In block 1004, the riser monitoring system 102 determines whether the acoustic pressure differences (i.e., gradients) have changed from those of a previous measurement. In some embodiments the riser monitoring system 102 determines whether the change exceeds a predetermined threshold. If no change, or insufficient change, is detected, then monitoring continues in block 802.
If change in inter-sensor module acoustic pressure difference is detected, then in block 1006, the riser monitoring system 102 determines whether the acoustic level is increasing. If the acoustic pressure is decreasing rather than increasing, then monitoring continues in block 1002. If the acoustic pressure is increasing, then the riser monitoring system 102 determines the rate of acoustic pressure increase over time in block 1008.
In block 1010, the riser monitoring system 102 compares the rate of acoustic pressure increase to an acoustic pressure increase rate threshold value.
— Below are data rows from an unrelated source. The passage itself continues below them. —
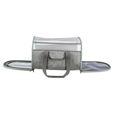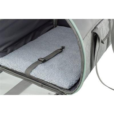 De Trixie Hondentas Dillon in grijs met mintgroen accent is een ruime en comfortabele reistas voor honden tot 10 kg, ideaal voor uitstapjes, reizen of bezoeken aan de dierenarts. Dankzij het slimme ontwerp met grote mesh-panelen blijft jouw hond goed geventileerd en beschermd tegen insecten.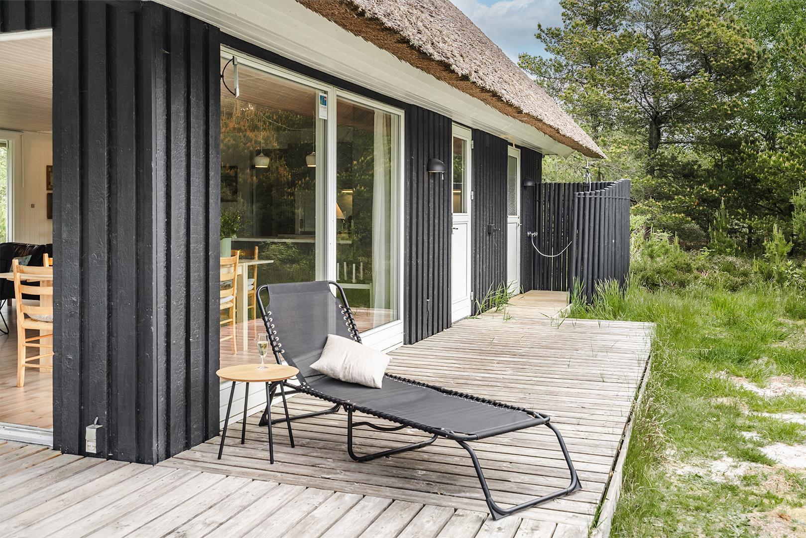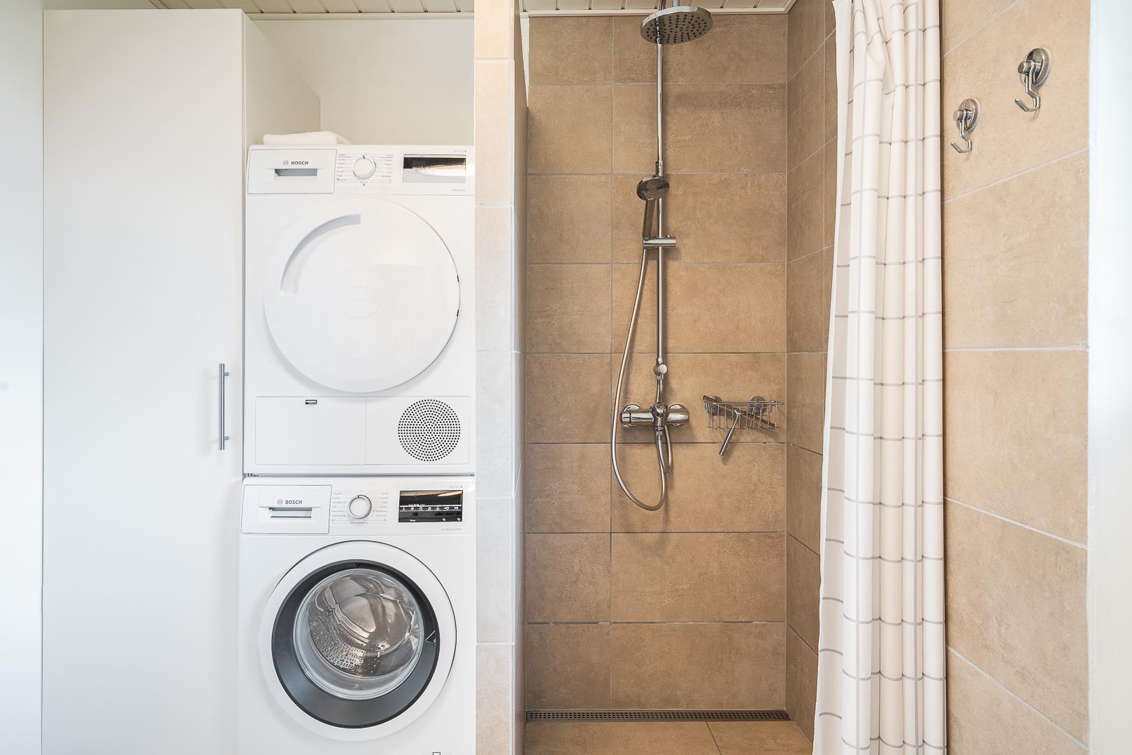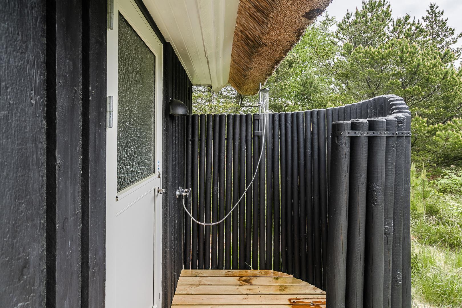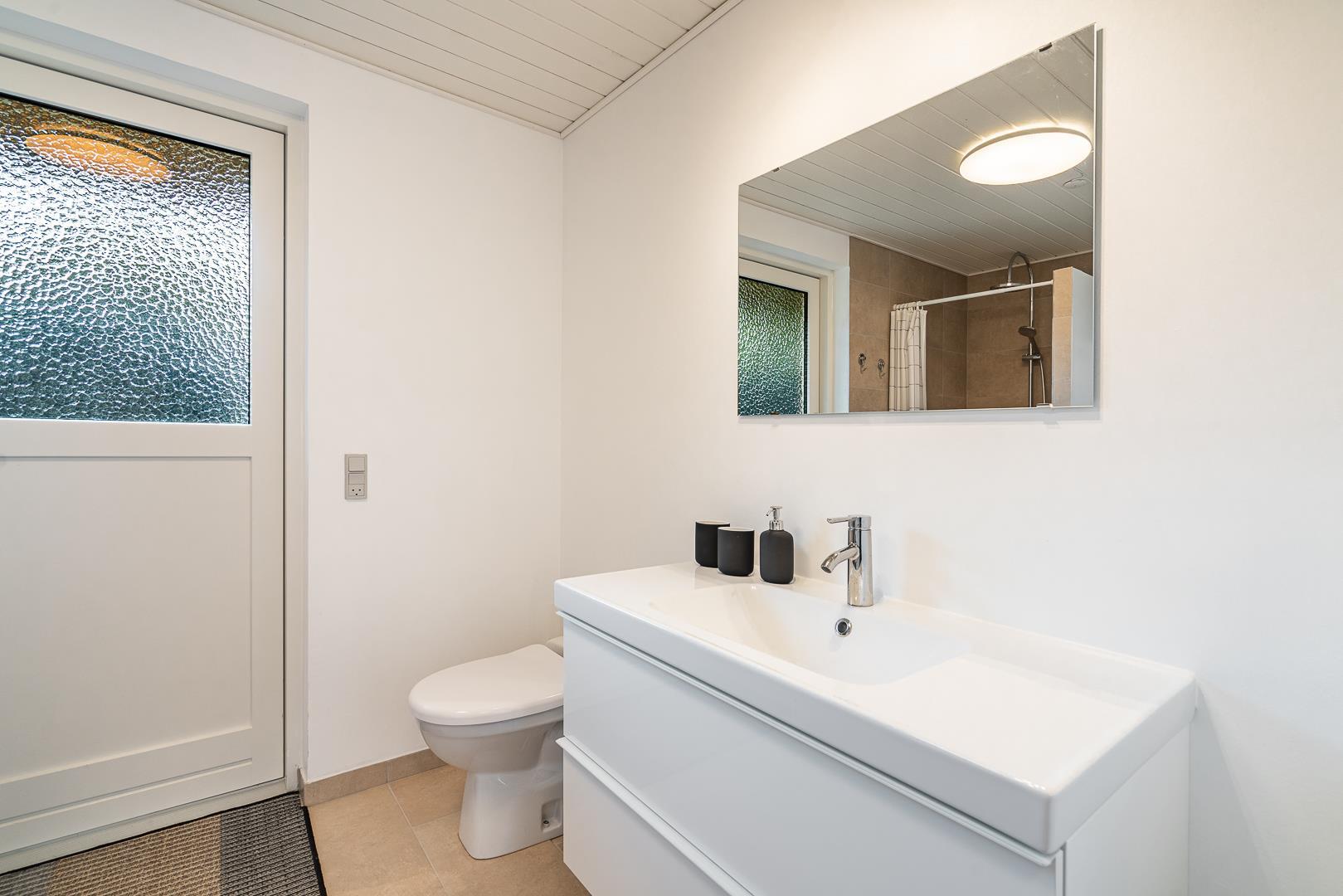 Fra ferieboligens flotte badeværelse fra 2021 og med både vaskemaskine og tørretumbler, har I direkte udgang til udebruseren og et bad på de varme dage.
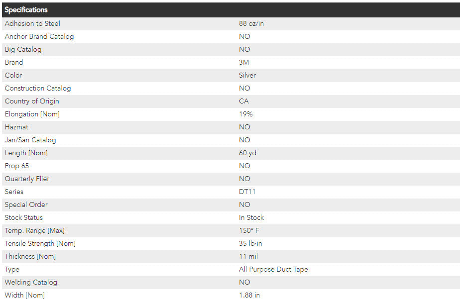 3M DT11 Heavy-Duty Tape, 1.88 in x 60 yd x 11 mil (Silver or Black)

The acoustic pressure increase rate threshold value may be related to an amount of gas that the mud-gas separator can process. If the rate of acoustic pressure increase exceeds the threshold value, then, in block 1014, the riser monitoring system 102 may divert the fluid flow from the riser 104 to bypass the mud-gas separator (e.g., divert the fluid overboard). If the rate of acoustic pressure increase does not exceed the threshold value, then the riser monitoring system 102 may direct the fluid flow from the riser 104 to be processed by the mud-gas separator in block 1012.
The above discussion is meant to be illustrative of principles and various exemplary embodiments of the present invention. Numerous variations and modifications will become apparent to those skilled in the art once the above disclosure is fully appreciated. It is intended that the following claims be interpreted to embrace all such variations and modifications.